I’m from a project-based family. We like to do things, collect experiences, learn, examine, uncover, understand. And we like bikes!
I remember being a little thing and my paternal grandfather’s adult-sized tricycle. The sound of bike tires bumping over a boardwalk’s wooden slats. Family mythology has it that same tricycle once ran over my mother’s foot, by accident.
I recall the thick, this-might-be-chemical-y-dangerous smell of grease and seeing bikes in bits in my back yard, old chains soaking in a pickle tub, waiting to be scrubbed silver.
My Strawberry Shortcake Big Wheel; the red tricycle belonging to a neighborhood kid that we’d zip around on like it was a scooter ’til our backs ached; the pretty, blue Columbia that was stolen from my front porch, gone possibly a long time before I noticed.
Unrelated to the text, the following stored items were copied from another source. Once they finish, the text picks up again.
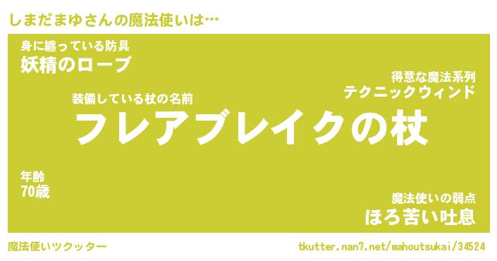 | ファンタジー風あだ名 | 『シマフェル』『エターナルシマダマユー』 |
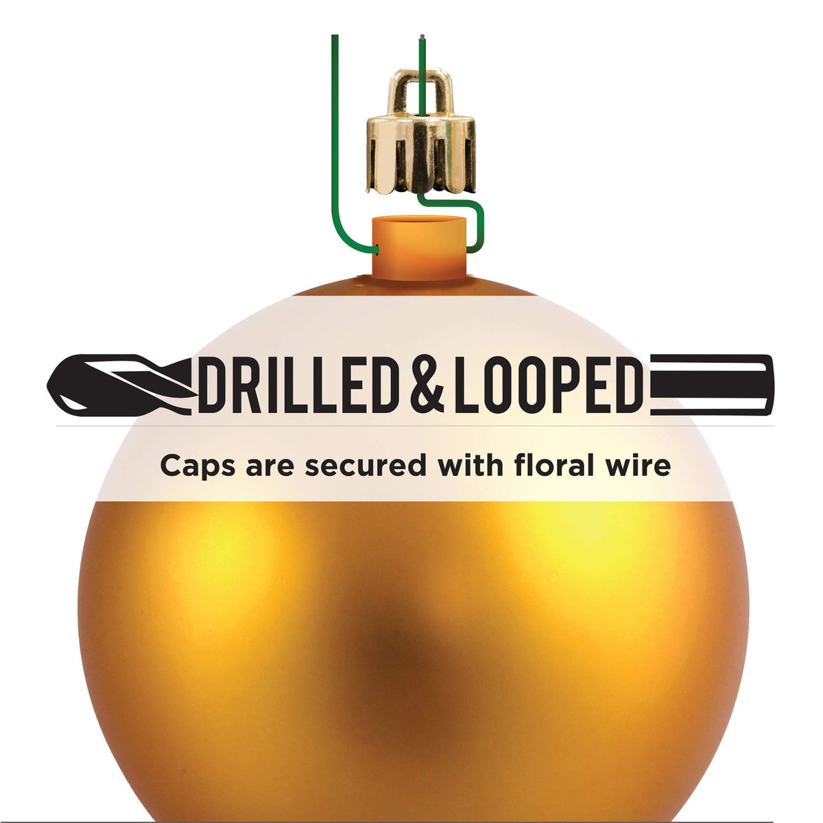 Vickerman 10 Red Glitter Ball Ornament. This ornament features glitter finish that will add shimmer to any holiday decorating project. This item is made from shatterproof plastic for extended protection from breaking. The cap is drilled and looped with floral wire to ensure it is reliable and ready to hang. This unique ornament is an exceptional addition to any collection as it matches well with a variety of d cor and goes perfectly on a holiday tree.
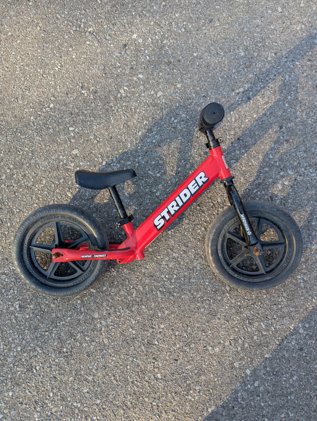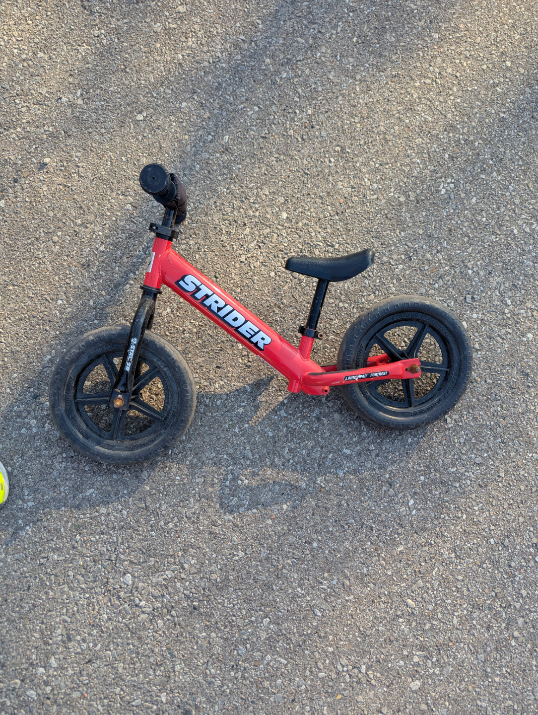 Strider balance bike. unisex. a little wear and tear, road ready. 25 obo

Barreling down broke-up concrete sidewalks from 8th Avenue to 7th, back around to 8th, no adult accompanying me because, as long I stuck to the sidewalk, no need. Learning that freedom can be bought at Toys-R-Us and sized up when my legs grew too long.
Place to place, and person to person. Child to sibling to parent.
There’s nothing like that early love, or the connections it offers. The relationships it helps sustain.